Шрифт:
Интервал:
Закладка:
Установление диагноза, занимающее в Бостоне всего несколько часов, может длиться неделями, если проводить его между Бостоном и Канжи. Серена Кёниг, бригемский врач тридцати с небольшим лет, организовала операцию для Вильно, а также сбор средств на оплату его перелетов и госпитализации. Теперь она же нашла в Массачусетской больнице общего профиля онколога, который согласился поставить диагноз бесплатно.
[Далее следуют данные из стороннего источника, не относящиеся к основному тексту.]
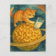 En söt ingefära kattunge driver ett glas mjölk från en planet som är gjord av ostnudlar och mättnad som ringar fantasykonst
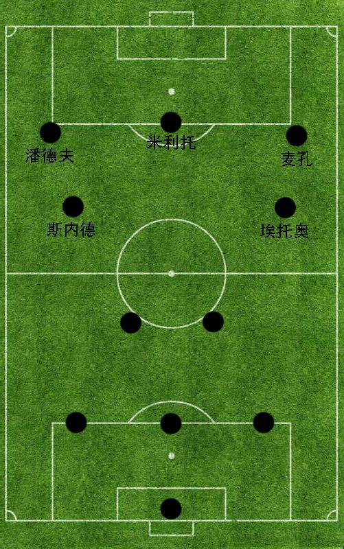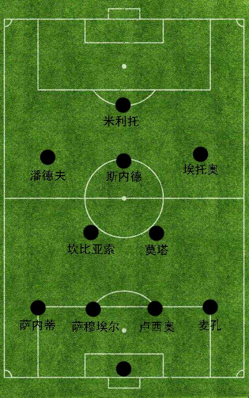 纵观当时的世界足坛,国际米兰的这一套首发阵容几乎已经算得上是“处处顶尖”:前锋线上的米利托虽然不具备非常强大的支点作用,但胜在速度极快、跑位鬼魅,加之勤勤恳恳的拼抢态度,可以说完美符合穆里尼奥对于前锋的战术要求。中前卫位置上的斯内德是当时世界上同位置中实力最为出众的球员,他的组织调度以及外围远射几乎都无懈可击。与此同时,处于左右两边的潘德夫、埃托奥、萨内蒂、麦孔都是一等一的边路进攻好手,他们在边路的反复冲击同样可以为蓝黑军团苦苦追求的边路快速进攻带来有效的帮助。
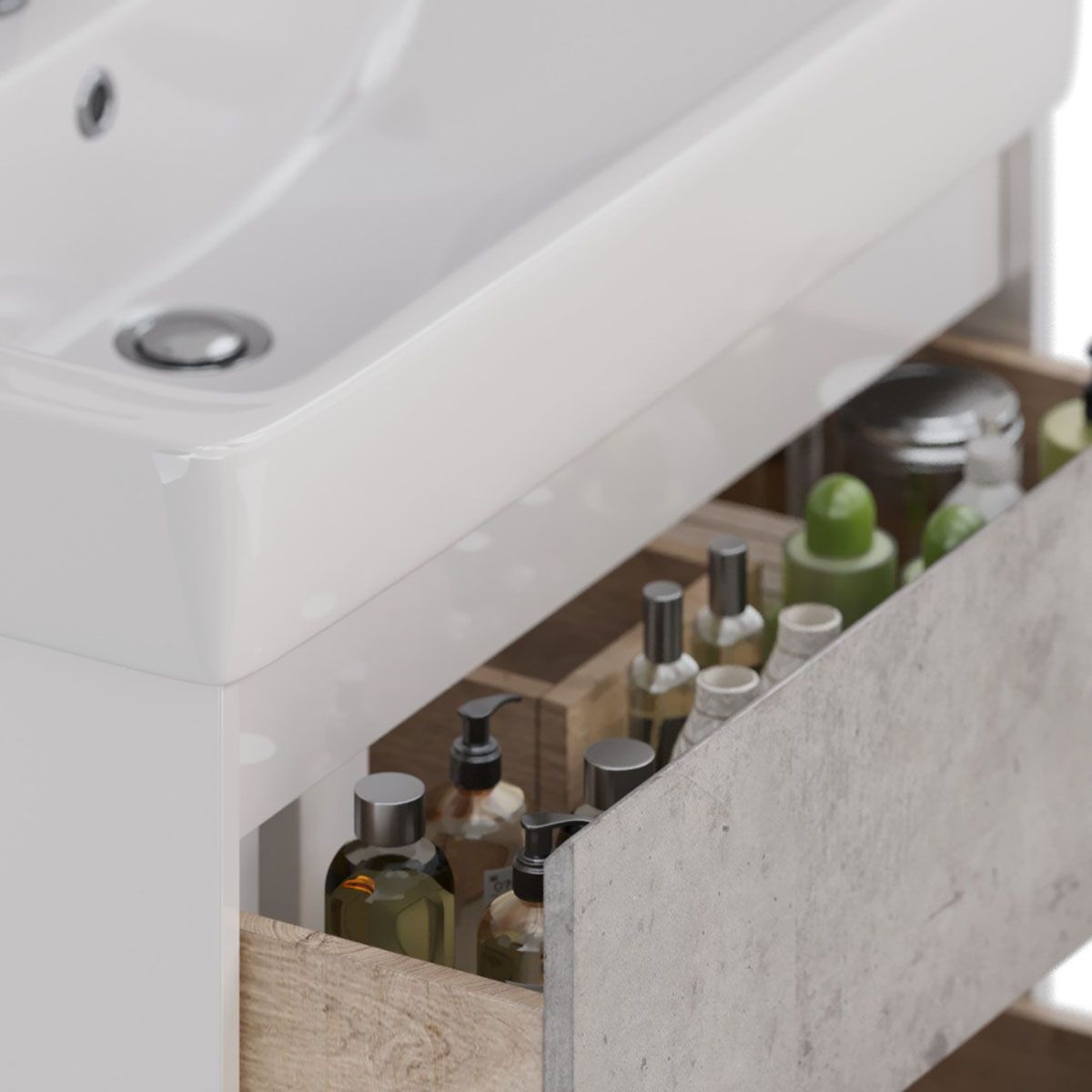 Тумба под раковину Lemark Combi LM03C80T-Beton 80 см белый глянец
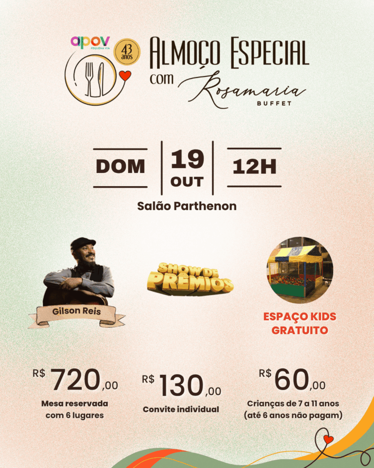 E é com essa missão de amor ao próximo que a APOV convida você para o Almoço Especial com o Buffet Rosamaria, no dia 19 de outubro, a partir do meio-dia, no Salão do Parthenon.
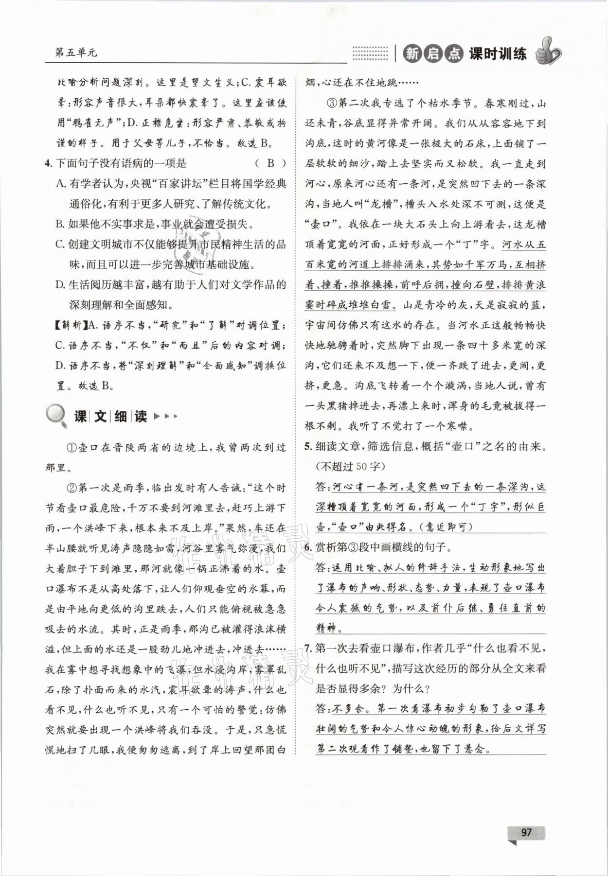 注:目前有些书本章节名称可能整理的还不是很完善,但都是按照顺序排列的,请同学们按照顺序仔细查找。练习册 2021年新启点课时训练八年级语文下册人教版 答案主要是用来给同学们做完题方便对答案用的,请勿直接抄袭。
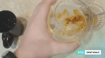 Налейте в стакан 100 мл холодной воды, добавьте столовую ложку меда и такое же количество столового уксуса. Если после этого жидкость начала шипеть, на ее поверхности появилась пена – это признак добавки мела, который вступает в реакцию с уксусной кислотой.
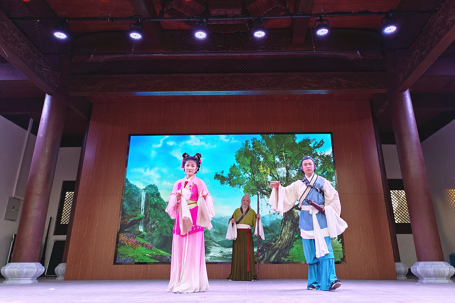 本網(wǎng)訊(記者 史洪芳)《女駙馬》《牛郎織女》《戲牡丹》《打豆腐》……2024年1月1日,正值元旦假期,合肥市逍遙津公園蘧莊舉辦了“梨園飄香”戲曲演出活動,上演連臺好戲,一段段黃梅戲經(jīng)典曲目令現(xiàn)場觀眾過足了戲癮。臺下座無虛席,精彩演出不時贏得陣陣掌聲。

Разумеется, онкологу нужен был образец тканей Джона. А чтобы добыть такой образец, требовалась сложная хирургическая процедура, за которую Фармер по возможности предпочел бы не браться сам. Он обратился к работавшему в Мирбале гаитянскому хирургу, заслужившему его профессиональное доверие. Хирург согласился приехать в Канжи за несколько тысяч долларов – огромная сумма для Гаити. На Центральном плато шли дожди, и, чтобы съездить за врачом, надо было одолеть грязевые болота и разливы рек от Канжи до Мирбале. Дорога заняла двенадцать часов. Биопсия длилась до зари, а утром Фармер улетал в Бостон. Он увез с собой образцы крови и тканей Джона, а Серена отнесла их в Массачусетскую больницу в обычном пластиковом пакете. В “Занми Ласанте” не было оборудования для хранения образцов в замороженном виде, так что их поместили в формальдегид. А из-за этого установление диагноза заняло четыре дня вместо одного.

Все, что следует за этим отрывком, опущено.